У Соколова было много друзей и знакомых среди художников, которые частенько захаживали к нему в гости. Увидев в Феде интерес к искусству и явное дарование, они устроили его учиться в вечернюю рисовальную школу Общества поощрения художников. А там преподавали очень неплохие учителя, и среди них  -  Чистяков, Крамской, Шишкин. Они тут же отметили нового ученика. Особое участие в обучении, да и в судьбе мальчика проявляли Крамской и Шишкин, помогавшие ему не только осваивать основы живописи, но и вообще жить, сохраняя веру в свое призвание.

В 1865 году в Обуховской больнице умер старший Васильев, и  пятнадцатилетний Федор стал главой семьи. На его попечении оказались  мать, сестра Евгения и два брата – Александр и Роман. Он изо всех сил зарабатывал деньги, чтобы их хоть как-то обеспечить, но без искусства уже просто не мог жить. Живопись – это его судьба, путь, с которого он не сойдет.

Шишкину очень нравился этот юноша – в нем была какая-то чистота и наивность, пылкость и несдержанность, романтичность и лиричность.
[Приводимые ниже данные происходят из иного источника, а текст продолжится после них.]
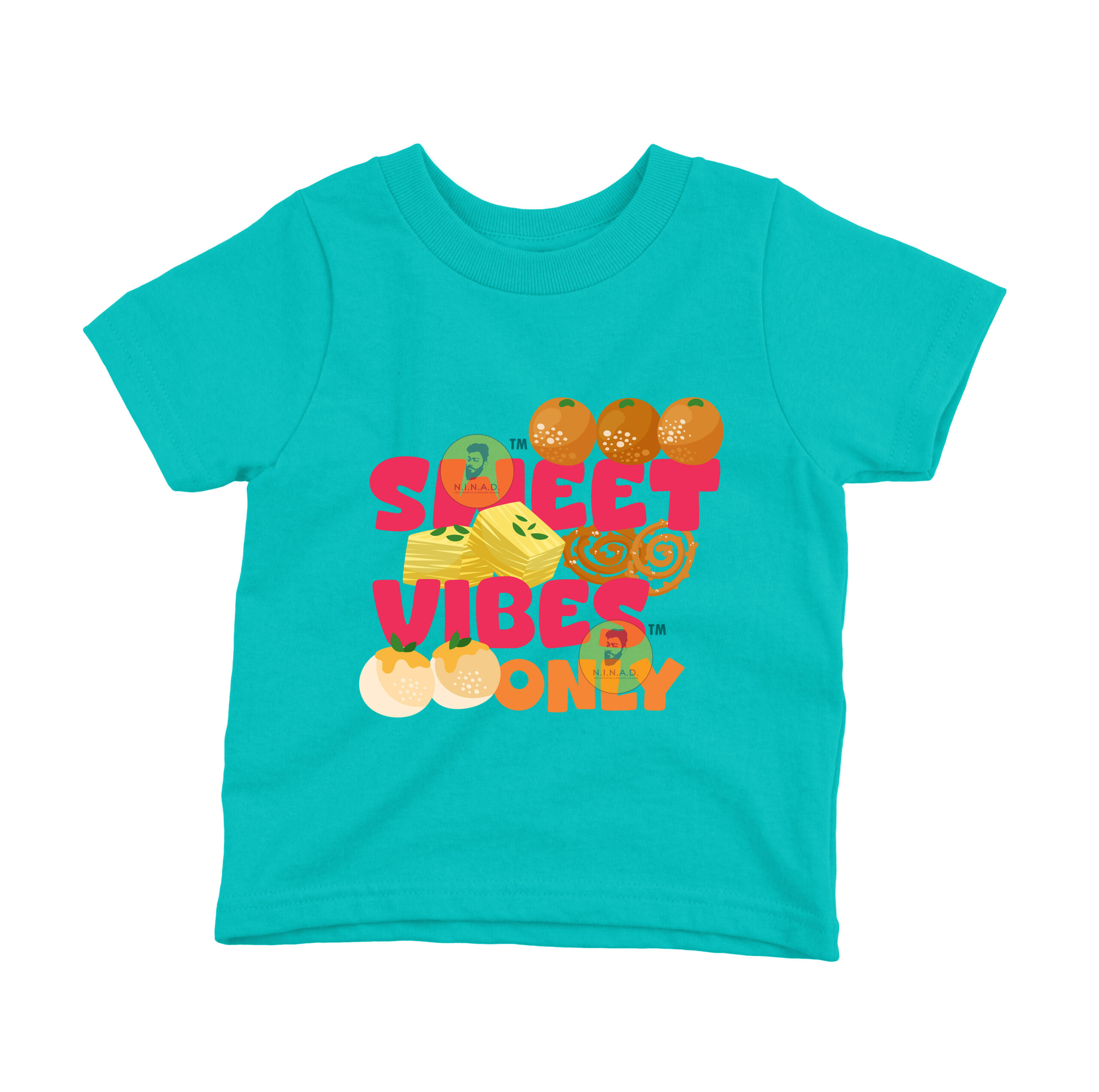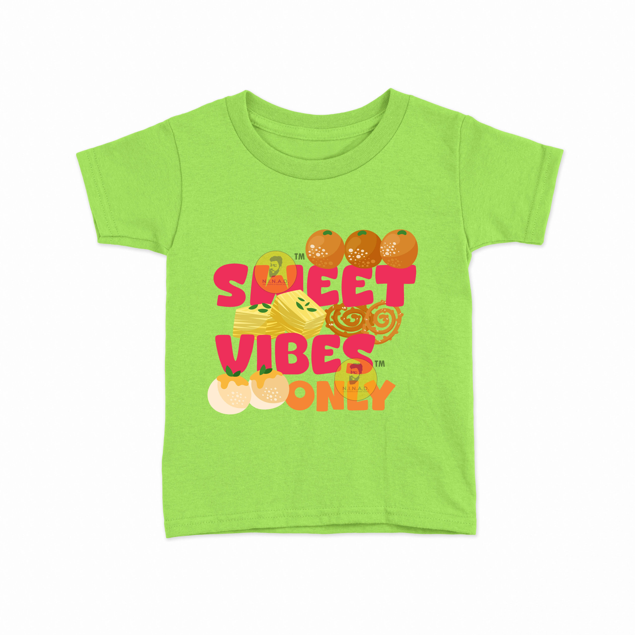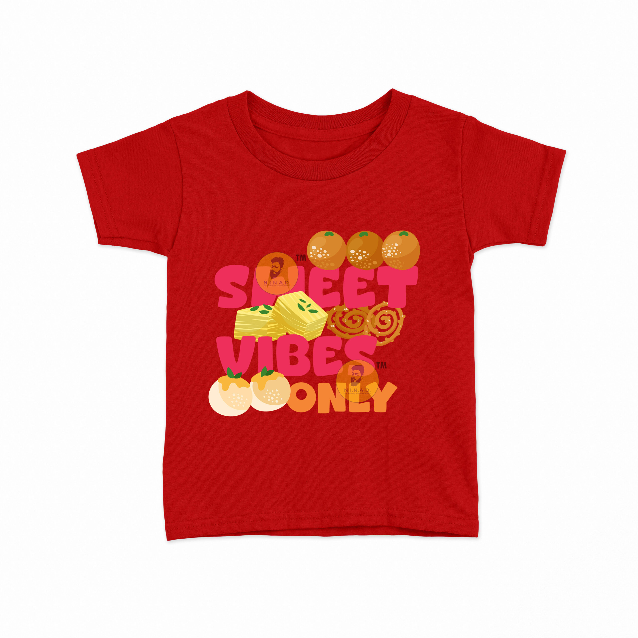 Bring in the festive cheer with our Sweet Vibes Only kids’ T-shirt! 🍬✨ Inspired by traditional Indian sweets and the joy of celebrations, this playful design adds a dash of sweetness to your little one’s wardrobe. Printed on a bright color base, the bold typography and fun mithai graphics make it the perfect outfit for festive gatherings, casual outings, or gifting.

Он познакомил Федора со своими друзьями, петербургскими художниками. «Его манеры были самоуверенны, бесцеремонны и почти нахальны, но замечу, это впечатление быстро изгладилось, так как это все было чрезвычайно наивно… и я должен сознаться, что часто он приводил меня просто в восторг свежестью чувств и меткостью суждений», - вспоминал Крамской, ставший близким другом Васильева. 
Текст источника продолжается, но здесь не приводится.